▸ Data under study

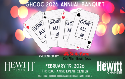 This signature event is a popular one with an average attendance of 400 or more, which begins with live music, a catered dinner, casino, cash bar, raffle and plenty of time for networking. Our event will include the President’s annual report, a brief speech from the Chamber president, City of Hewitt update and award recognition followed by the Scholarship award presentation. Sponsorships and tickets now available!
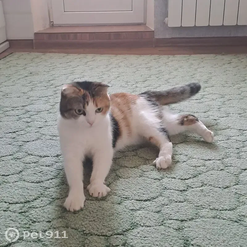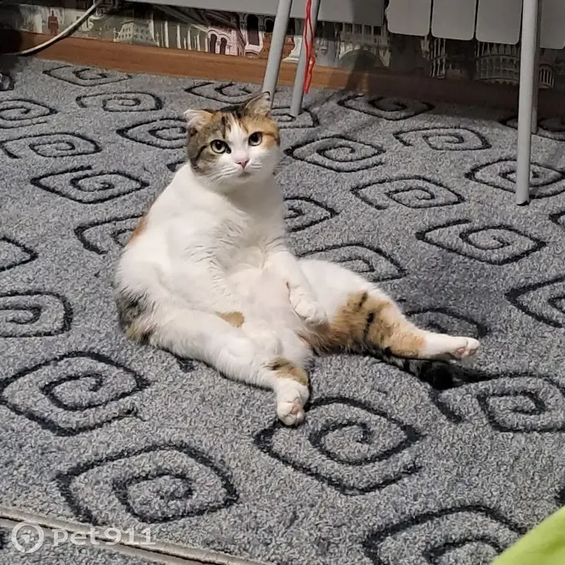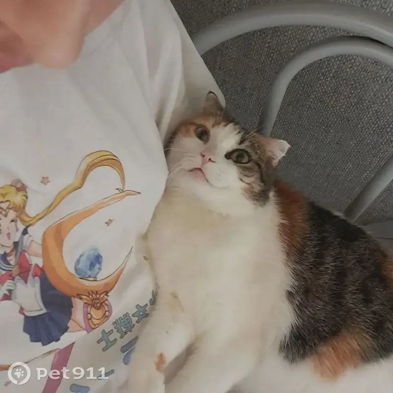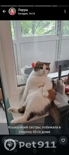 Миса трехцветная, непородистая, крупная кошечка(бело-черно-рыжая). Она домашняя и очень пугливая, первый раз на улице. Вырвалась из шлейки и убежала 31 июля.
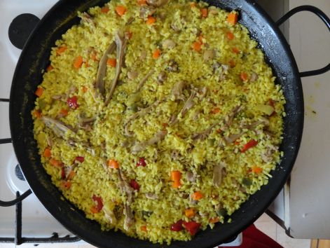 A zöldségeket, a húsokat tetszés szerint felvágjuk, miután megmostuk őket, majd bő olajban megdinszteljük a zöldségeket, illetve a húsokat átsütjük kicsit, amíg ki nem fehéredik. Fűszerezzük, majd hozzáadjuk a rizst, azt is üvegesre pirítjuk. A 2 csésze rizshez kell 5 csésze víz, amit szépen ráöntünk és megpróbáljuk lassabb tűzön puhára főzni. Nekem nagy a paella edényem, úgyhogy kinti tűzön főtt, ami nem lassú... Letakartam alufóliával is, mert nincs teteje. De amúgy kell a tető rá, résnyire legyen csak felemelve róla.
==
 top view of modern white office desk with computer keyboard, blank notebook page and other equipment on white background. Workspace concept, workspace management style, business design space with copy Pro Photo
...
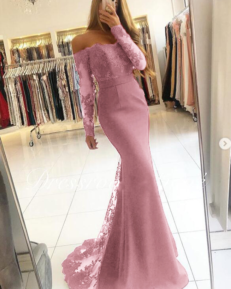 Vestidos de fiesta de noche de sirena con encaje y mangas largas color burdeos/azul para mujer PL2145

▸ Directions for this task
All that should be printed is the run of lines above from the one with "This signature event" through the one with "A zöldségeket, a", both included, exactly as given, with pictures left out.

▸ Solution to this exercise
 This signature event is a popular one with an average attendance of 400 or more, which begins with live music, a catered dinner, casino, cash bar, raffle and plenty of time for networking. Our event will include the President’s annual report, a brief speech from the Chamber president, City of Hewitt update and award recognition followed by the Scholarship award presentation. Sponsorships and tickets now available!
 Миса трехцветная, непородистая, крупная кошечка(бело-черно-рыжая). Она домашняя и очень пугливая, первый раз на улице. Вырвалась из шлейки и убежала 31 июля.
 A zöldségeket, a húsokat tetszés szerint felvágjuk, miután megmostuk őket, majd bő olajban megdinszteljük a zöldségeket, illetve a húsokat átsütjük kicsit, amíg ki nem fehéredik. Fűszerezzük, majd hozzáadjuk a rizst, azt is üvegesre pirítjuk. A 2 csésze rizshez kell 5 csésze víz, amit szépen ráöntünk és megpróbáljuk lassabb tűzön puhára főzni. Nekem nagy a paella edényem, úgyhogy kinti tűzön főtt, ami nem lassú... Letakartam alufóliával is, mert nincs teteje. De amúgy kell a tető rá, résnyire legyen csak felemelve róla.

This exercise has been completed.